Gupta Nishit, Mittal Aditi, Duggal Rajan, Dadu Tina, Agarwal Amit, Handoo Anil
Department of Haematology, BLK Superspeciality Hospital, Delhi, India, 110005.
Department of Histopathology, BLK Superspeciality Hospital, Delhi, India, 110005.
Int J Hematol Oncol Stem Cell Res. 2021 Oct 1;15(4):249-254. doi: 10.18502/ijhoscr.v15i4.7480.
Hodgkin lymphoma variant of Richter's transformation (HL-RT) is a rare event, occurring in < 1% chronic lymphocytic leukemia (CLL) cases, of which, in < 10% cases, HL is the first finding leading to a diagnosis of CLL that co-exists simultaneously. Here we report a 60 years old male patient who presented with an outside diagnosis of lymphocyte-rich classical HL. On evaluation, he had only B-symptoms in the form of low-grade fever and weight loss. Peripheral smear revealed mild leukocytosis with an absolute lymphocytosis and a few smudge cells. Bone marrow (BM) aspirate and biopsy exhibited diffuse infiltration by a small cell, low grade, Non-Hodgkin's lymphoma with no immunohistochemical evidence of HL. Flow cytometry performed on BM was consistent with classical immunoprofile of CLL. Meanwhile the lymph node received for review revealed diffuse effacement of nodal architecture by small mature lymphocytes with immunoprofile of CLL expressing CD20, CD5, and CD23. Interspersed between these cells, were a few eosinophils along with classical Reed Sternberg cells, expressing CD30, MUM-1, CD15, and dim PAX-5, with a surrounding rosette of T-Cells highlighted by CD3 and PD-1 and negative for CD45, CD20, and EBV immunohistochemistry. Fluorodeoxyglucose positron emission tomography (FDG-PET) scan revealed hepatosplenomegaly with multiple supra/infra diaphragmatic lymph nodes. So, a final diagnosis of HL-RT in CLL was considered. The patient is currently doing well after the first cycle of ABVD chemotherapy. HL-RT occurring in CLL is a rare event with heterogeneous clinical presentation, morphology, clonal origin, disease course, prognostic features, and survival.
里氏转化的霍奇金淋巴瘤变体(HL-RT)是一种罕见事件,发生于不到1%的慢性淋巴细胞白血病(CLL)病例中,其中不到10%的病例中,HL是导致CLL诊断同时并存的首发发现。

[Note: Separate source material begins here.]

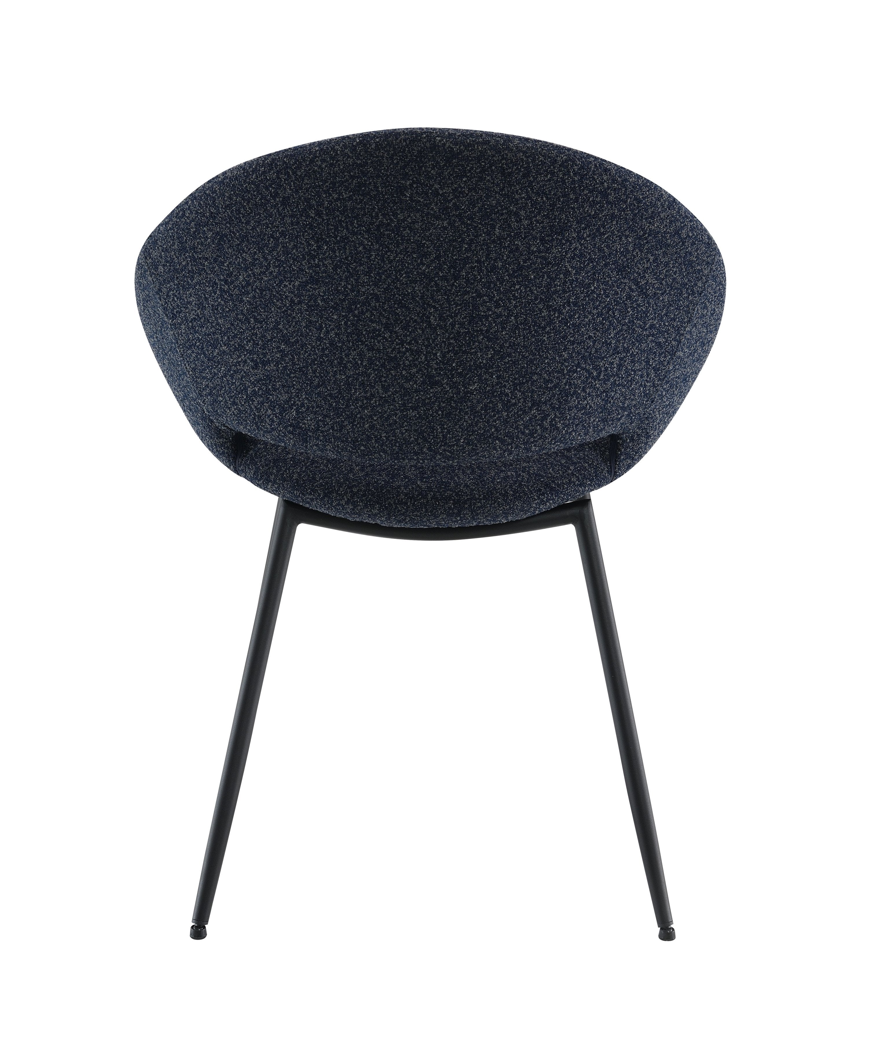 Add contemporary comfort and sculpted style to your dining or workspace with this pair of Klaus side chairs. Upholstered in soft black boucle with a supportive padded back and seat, each chair pairs a refined textile look with a durable black metal frame and synthetic wood base for everyday use. Clean lines and a compact profile make these chairs ideal for small dining areas, home offices, or as accent seating.

在此,我们报告一名60岁男性患者,其最初被诊断为富于淋巴细胞的经典型HL。经评估,他仅表现为低热和体重减轻形式的B症状。外周血涂片显示轻度白细胞增多伴绝对淋巴细胞增多及少量涂抹细胞。骨髓穿刺和活检显示有小细胞、低级别非霍奇金淋巴瘤的弥漫性浸润,无HL的免疫组化证据。对骨髓进行的流式细胞术检测结果与CLL的经典免疫表型一致。同时,送检复查的淋巴结显示小成熟淋巴细胞弥漫性取代淋巴结结构,其免疫表型为表达CD20、CD5和CD23的CLL。在这些细胞之间散在分布着一些嗜酸性粒细胞以及经典的里德·斯腾伯格细胞,这些细胞表达CD30、MUM-1、CD15和弱阳性PAX-5,周围有CD3和PD-1标记的T细胞玫瑰花结,且CD45、CD20和EBV免疫组化呈阴性。氟脱氧葡萄糖正电子发射断层扫描(FDG-PET)显示肝脾肿大伴多个膈上/膈下淋巴结。因此,考虑最终诊断为CLL中的HL-RT。该患者在接受ABVD化疗的第一个周期后目前情况良好。CLL中发生的HL-RT是一种罕见事件,具有异质性的临床表现、形态学、克隆起源、病程、预后特征和生存率。